Input:
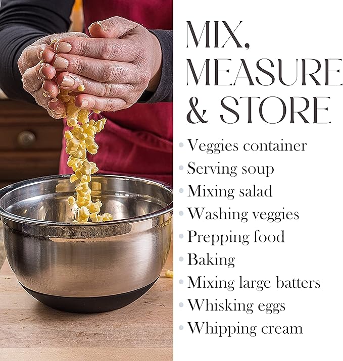 - Non-Slip Silicone, Weighted Bowl Bottoms prevent sliding for ease in mixing your favorite ingredients and baked goods.
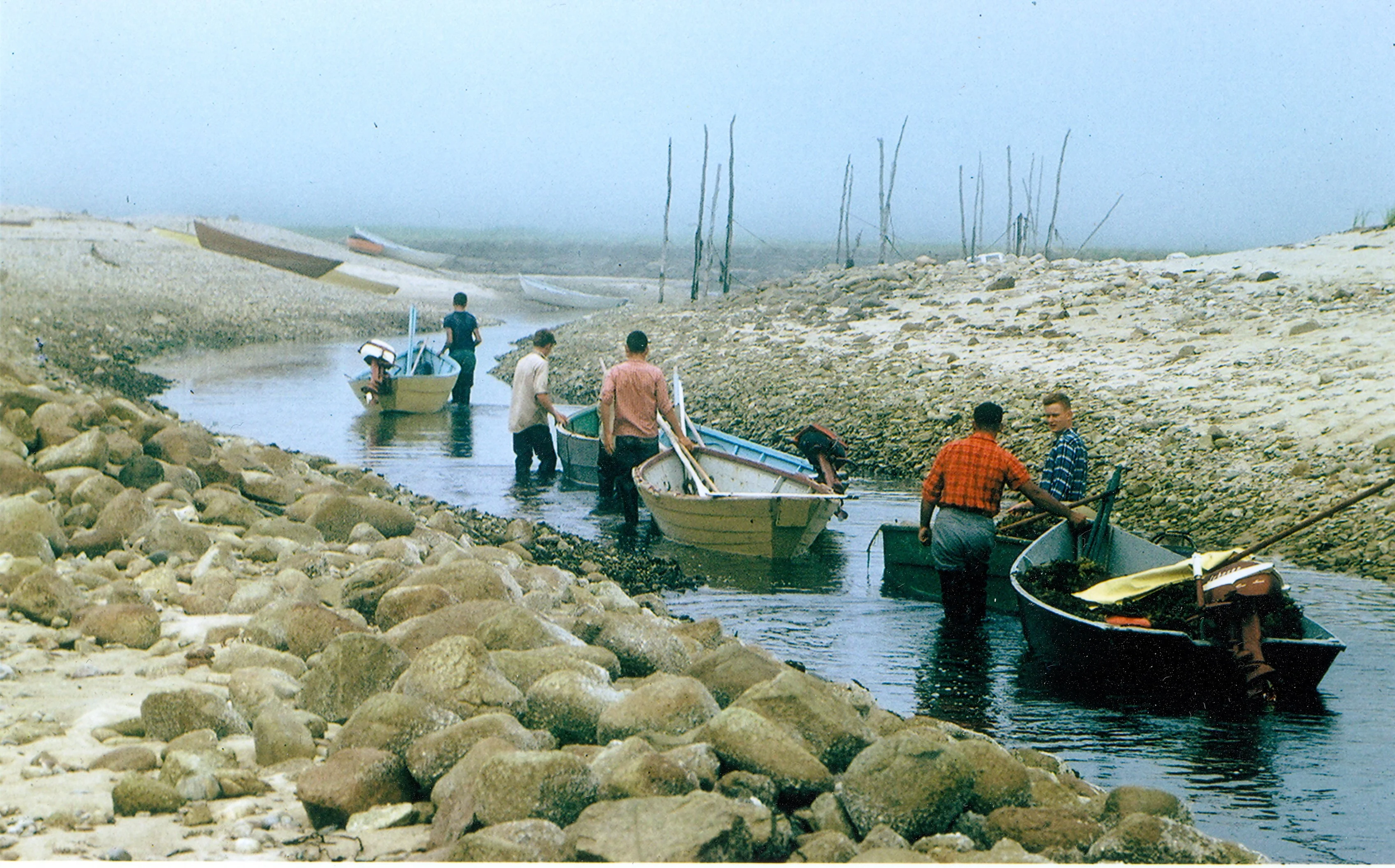 Skip’s first article in the series retraced the history of Shifting Lots Preserve in Plymouth, including the once-vibrant mossing industry in Ellisville Harbor. Photo from 1969, courtesy of Roger Janson, via Friends of Ellisville Marsh.
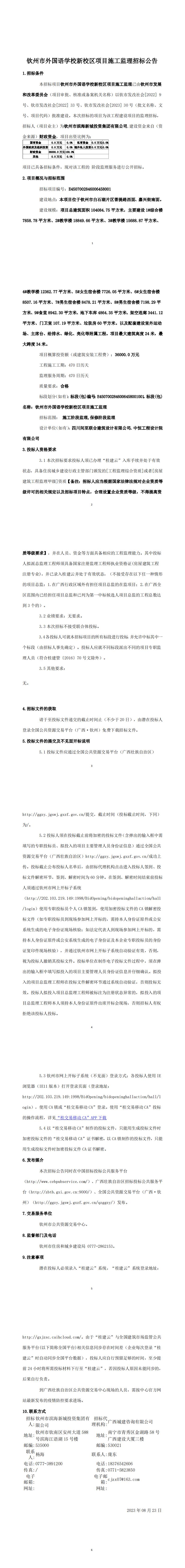 欽州市外國語學(xué)校新校區(qū)項目施工監(jiān)理招標公告
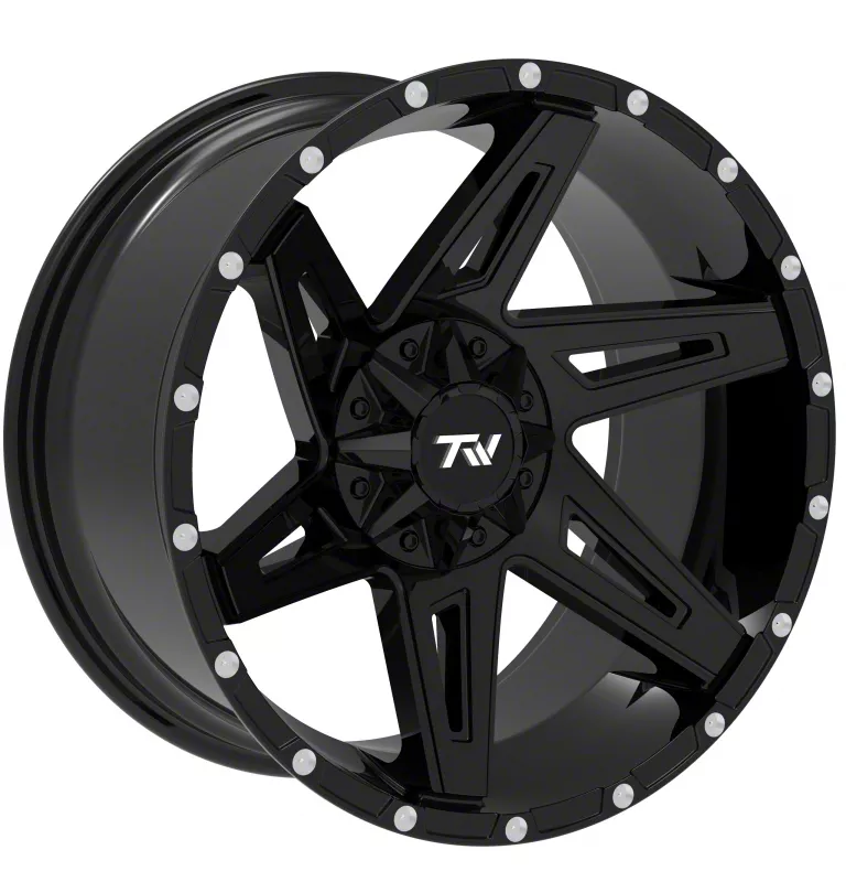 The 20x10 TW Offroad T4 Spin Gloss Black 6-Lug Wheel is completed in a high-quality gloss black finish. For added protection and good looks, this Wheel features a durable, matte clear coat that is tough enough to stand up against the hazards of everyday driving.
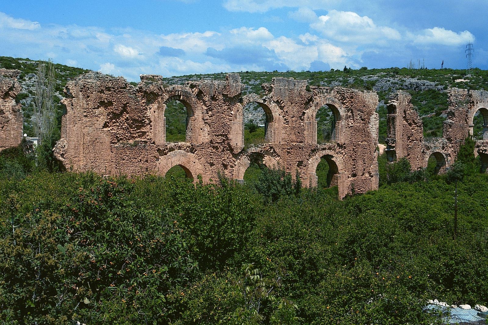 This water transport system includes galleries carved into the bedrock, open channels constructed by carving the bedrock or using mortared wall techniques, and aqueducts. The gallery-type channels, starting from the Lamas Valley, are adjusted along the topographic slope in a way that does not increase the water flow rate. To keep the water level constant, the channel must maintain a consistent slope throughout its course. In these galleries located on the slopes, window-like openings were made at intervals to allow for external interventions in cases of faults or maintenance since the steep valley slope makes such interventions impossible. These openings also served to remove the waste generated during the tunnel excavations and to prevent moss growth due to lack of air and humidity. Following these gallery-type channels, the system continues with aqueducts. The connections between aqueducts were made using channels carved into the bedrock or constructed using the mortared wall technique. Aqueducts were built as single or two-story structures depending on the width of the stream bed and the height of the slopes. The span of the arches also varies accordingly. The channels, which are also plastered inside, are about 1.10 meters high and 1.70 meters wide. The channels were covered with slab stones or a mortared cover. During the Hellenistic Period, the water channels were covered to keep the water clean and, where possible, passed underground. This kept the water clean, but the disadvantage was that faults in the system could not be repaired. The Romans preferred open waterways, but this system also faced contamination issues. Due to the lime layers formed from irregular cleaning and maintenance of the waterways or channels, along with accumulated sand or other waste, which reduced the water flow rate and volume, maintenance teams and supervising control teams were established during the Roman Period. One of the most commonly used methods during the Roman Period was underground tunnels. Tunnels, which were high enough for a person to pass through comfortably, had vertical shafts opening to the surface. Once the tunnel was completed, the air shafts provided easy access for inspection or maintenance of any part of the tunnel. An additional reason for transporting water underground was to protect the waterway from enemy attacks. The distribution of water, brought to the city and transported to pools and fountains, was done using terracotta or lead pipe systems. This system, along with other systems, was also used in Olba and Diocaesarea and dates to the late 2nd century AD. The aqueducts, first constructed during the Roman Period, initially brought water to Elaiussa Sebaste (Ayaş), as Korykos was dependent on Elaiussa Sebaste at that time. After the 4th century, when Seleucia became the center of the Isauria Province, Korykos gained importance due to its port. Elaiussa Sebaste lost its significance after its port became filled with sand dunes. Therefore, in the 5th and 6th centuries, these aqueducts were repaired to supply water to Korykos. It has been determined that the system supplying water to Elaiussa Sebaste was likely built in the 1st and 2nd centuries AD during the Roman Period, underwent multiple repairs, and was later extended to supply water to Korykos (Kız Kalesi). This extension, carried out in the 5th and 6th centuries, is evidenced by the inscription on the second aqueduct mentioning Byzantine Commander Ilios, indicating the repairs during his time. Today, water taken from the Lamas River is occasionally used in parallel lines by farmers for agricultural production through iron pipes. Source: Mersin Provincial Directorate of Culture and Tourism archives.
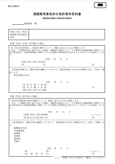 | 酒類販売業免許の免許要件誓約書 様式:CC1-5104-8 | 申請者、申請者の法定代理人、申請法人の役員および申請販売場の支配人について提出します ※申請者の法定代理人分または法人の役員分などについては代表者が代表して誓約できます。 | ![]() ![]() ![]() |

Task to complete: Return the records above exactly, without the pictures.

Written answer:
 - Non-Slip Silicone, Weighted Bowl Bottoms prevent sliding for ease in mixing your favorite ingredients and baked goods.
 Skip’s first article in the series retraced the history of Shifting Lots Preserve in Plymouth, including the once-vibrant mossing industry in Ellisville Harbor. Photo from 1969, courtesy of Roger Janson, via Friends of Ellisville Marsh.
 欽州市外國語學(xué)校新校區(qū)項目施工監(jiān)理招標公告
 The 20x10 TW Offroad T4 Spin Gloss Black 6-Lug Wheel is completed in a high-quality gloss black finish. For added protection and good looks, this Wheel features a durable, matte clear coat that is tough enough to stand up against the hazards of everyday driving.
 This water transport system includes galleries carved into the bedrock, open channels constructed by carving the bedrock or using mortared wall techniques, and aqueducts. The gallery-type channels, starting from the Lamas Valley, are adjusted along the topographic slope in a way that does not increase the water flow rate. To keep the water level constant, the channel must maintain a consistent slope throughout its course. In these galleries located on the slopes, window-like openings were made at intervals to allow for external interventions in cases of faults or maintenance since the steep valley slope makes such interventions impossible. These openings also served to remove the waste generated during the tunnel excavations and to prevent moss growth due to lack of air and humidity. Following these gallery-type channels, the system continues with aqueducts. The connections between aqueducts were made using channels carved into the bedrock or constructed using the mortared wall technique. Aqueducts were built as single or two-story structures depending on the width of the stream bed and the height of the slopes. The span of the arches also varies accordingly. The channels, which are also plastered inside, are about 1.10 meters high and 1.70 meters wide. The channels were covered with slab stones or a mortared cover. During the Hellenistic Period, the water channels were covered to keep the water clean and, where possible, passed underground. This kept the water clean, but the disadvantage was that faults in the system could not be repaired. The Romans preferred open waterways, but this system also faced contamination issues. Due to the lime layers formed from irregular cleaning and maintenance of the waterways or channels, along with accumulated sand or other waste, which reduced the water flow rate and volume, maintenance teams and supervising control teams were established during the Roman Period. One of the most commonly used methods during the Roman Period was underground tunnels. Tunnels, which were high enough for a person to pass through comfortably, had vertical shafts opening to the surface. Once the tunnel was completed, the air shafts provided easy access for inspection or maintenance of any part of the tunnel. An additional reason for transporting water underground was to protect the waterway from enemy attacks. The distribution of water, brought to the city and transported to pools and fountains, was done using terracotta or lead pipe systems. This system, along with other systems, was also used in Olba and Diocaesarea and dates to the late 2nd century AD. The aqueducts, first constructed during the Roman Period, initially brought water to Elaiussa Sebaste (Ayaş), as Korykos was dependent on Elaiussa Sebaste at that time. After the 4th century, when Seleucia became the center of the Isauria Province, Korykos gained importance due to its port. Elaiussa Sebaste lost its significance after its port became filled with sand dunes. Therefore, in the 5th and 6th centuries, these aqueducts were repaired to supply water to Korykos. It has been determined that the system supplying water to Elaiussa Sebaste was likely built in the 1st and 2nd centuries AD during the Roman Period, underwent multiple repairs, and was later extended to supply water to Korykos (Kız Kalesi). This extension, carried out in the 5th and 6th centuries, is evidenced by the inscription on the second aqueduct mentioning Byzantine Commander Ilios, indicating the repairs during his time. Today, water taken from the Lamas River is occasionally used in parallel lines by farmers for agricultural production through iron pipes. Source: Mersin Provincial Directorate of Culture and Tourism archives.
 | 酒類販売業免許の免許要件誓約書 様式:CC1-5104-8 | 申請者、申請者の法定代理人、申請法人の役員および申請販売場の支配人について提出します ※申請者の法定代理人分または法人の役員分などについては代表者が代表して誓約できます。 | ![]() ![]() ![]() |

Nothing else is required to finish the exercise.